The last night in Jamaica my friends took me to a street party… Yes, a real street party in Jamaica. The type of party that would not have been legal anywhere here and totally shut down immediately. Honestly, sometimes I had to take a step back to realize that I was actually there and it was real and this was happening. The sweet smell of pot wafted around and drinks were flowing. The music was sick. I had begun to pick out my favorite songs and move my body freely when they came on. Kartel, and I Octane, Mavado and Lady Saw… have all become household names for me now. Suddenly at some point, the party went from seeing space between people to crammed and jammed up against one another.. in a sea of dark faces I was the only white girl at the party yet again and the guys walking around with video cameras seemed to be attacking me with bright lights. Being there was amazing though, and the feeling was humbling and surreal. I never wanted it to end. I was feeling good but the last couple of days had exhausted me. By the next morning I was feeling emotional and heavy with regret at the thought of leaving this beautiful tropical paradise. I felt like perhaps I had let myself feel too fast and too much for some of the connections I made and didn’t want it to end.
Yes, I do believe I made real connections and also a couple friends for life. The number one question I am being asked by all is did I find love in Jamaica? Well the answer to that is simple. No. But I believe I could. It would be easy and effortless and it scares me to death. There are some things a girl doesn’t need to share with the world either. What I really need to do now is fall in love with myself.

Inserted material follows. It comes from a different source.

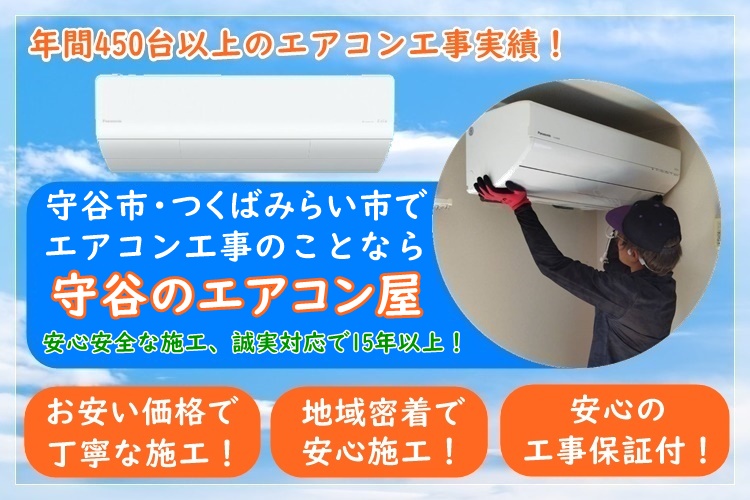 守谷のエアコン屋は家庭用のエアコン工事を主にエアコン取り付け・取り外し工事をおこなっている地域密着のエアコン業者で、守谷市・つくばみらい市を中心に茨城県で活動しております。

What are the things I brought back with me that are the most treasured? First and foremost, the memories and the friendships. After that, I would have to say the mixed CD’s of music I bought from random guys selling burnt discs from their cars and on the streets. I still feel like dancing and it has me motivated to start dancing once again. Overall I brought back a sense of myself.. a longing for change and self appreciation. Yes Jamaica will change you and affect you in many ways if you are willing and open to let it in.
Will I be back to Jamaica? I have no plans as of right now to be returning to the beautiful country, but sometimes fate has a way of intervening and whatever is meant to be will be. For now I am studying up on learning some Patois and dancing around the house in my underwear to these ripped Jamaican beats , feeling more free and irie than I have in my life.